If we have to monitor several studies, we might want to automate that process. In that case, we can compute statistics of the sampled chains such as effective sample sizes or \(\hat{R}\) and implement automatic checks, for instance that \(\hat{R}\) is sufficiently close to 1.
mean | sd | hdi_3% | hdi_97% | mcse_mean | mcse_sd | ess_mean | ess_sd | ess_bulk | ess_tail | r_hat | |
---|---|---|---|---|---|---|---|---|---|---|---|
3001 | 3.193 | 1.246 | 1.081 | 5.565 | 0.022 | 0.016 | 3146.0 | 3146.0 | 2849.0 | 3764.0 | 1.0 |
3002 | 3.050 | 0.616 | 1.964 | 4.250 | 0.006 | 0.004 | 11787.0 | 11787.0 | 11502.0 | 17056.0 | 1.0 |
3003 | 6.043 | 1.695 | 3.084 | 9.280 | 0.022 | 0.015 | 6031.0 | 6031.0 | 5772.0 | 9765.0 | 1.0 |
3004 | 12.764 | 2.030 | 9.037 | 16.628 | 0.014 | 0.010 | 19819.0 | 19819.0 | 19489.0 | 28664.0 | 1.0 |
alpha | 1.774 | 0.223 | 1.364 | 2.192 | 0.003 | 0.002 | 6352.0 | 6352.0 | 6253.0 | 16128.0 | 1.0 |
beta | 0.119 | 0.017 | 0.087 | 0.151 | 0.000 | 0.000 | 7576.0 | 7576.0 | 7441.0 | 18742.0 | 1.0 |
From the samples \((\hat{\alpha}, \hat{\beta}, \hat{\lambda}_i)\) of the Markov chain, we can estimate the posterior risk of underreporting. One way to do it is to compute the left tail area of each \(\lambda_i\) (remember that the index \(i\) enumerates the sites) under the distribution \(\Gamma(\hat{\alpha}, \hat{\beta})\) and average it along the trace of the Markov chain. This corresponds to the probability that a Poisson rate drawn randomly from the study level distribution falls below the inferred Poisson rate of site \(i\), or, more explicitly, that a reference site from the same study would report less adverse events.

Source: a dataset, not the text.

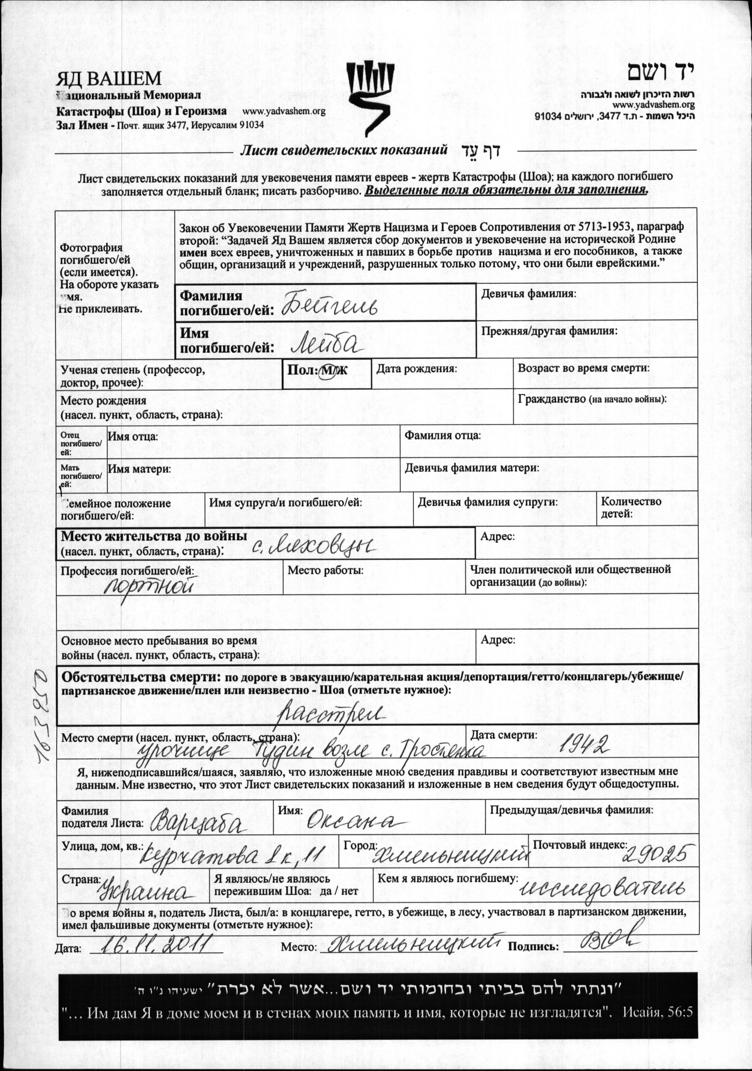 Beygel Leyba Lyakhovtsy, Ukraine (USSR) Page of Testimony
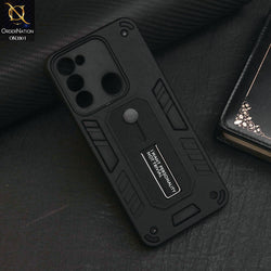 - Tecno Spark Go 2022 Cover - Black - Hybrid Stylish Slide Finger Grip With Metal Kickstand Soft Borders Case

site | mean_ae_rate | std_ae_rate | rate_tail_area | observed_ae | |
---|---|---|---|---|---|
0 | 3001 | 3.20 | 1.25 | 0.09 | [4, 1] |
1 | 3002 | 3.05 | 0.62 | 0.08 | [2, 2, 1, 2, 5, 5, 5, 1] |
2 | 3003 | 6.04 | 1.69 | 0.22 | [7, 4] |
3 | 3004 | 12.76 | 2.03 | 0.52 | [3, 27, 8] |
4 | 3005 | 9.35 | 2.10 | 0.37 | [12, 6] |
5 | 3006 | 3.69 | 1.32 | 0.11 | [2, 4] |
6 | 3007 | 6.03 | 2.31 | 0.22 | [5] |
7 | 3008 | 17.95 | 1.72 | 0.69 | [11, 4, 16, 31, 23, 23] |
8 | 3009 | 6.52 | 1.76 | 0.24 | [6, 6] |
9 | 3010 | 14.71 | 0.92 | 0.59 | [21, 10, 6, 17, 10, 7, 26, 19, 18, 1, 18, 23, ... |
A lower value of this rate tail area thus indicates a higher risk of underreporting. This metric can be used by auditors and inspectors to prioritize their activities. Moreover, since it is the probability of a specified event, one can immediately compare the rate tail areas of sites from different studies. This is especially interesting for quality programs that oversee several trials.
This approach demonstrates the flexibility of Bayesian methods to build models that answer specific questions about a given process. In this example, the reporting rates of the different sites are the quantities of interest, but they are unobserved and have to be inferred from the available data with a mathematical model. The user-friendly API of modern probabilistic programming libraries combined with efficient inference algorithms have been making this type of workflow much easier than in the past and will certainly fuel a broader adoption in sectors that have not been traditionally driven by quantitative insights.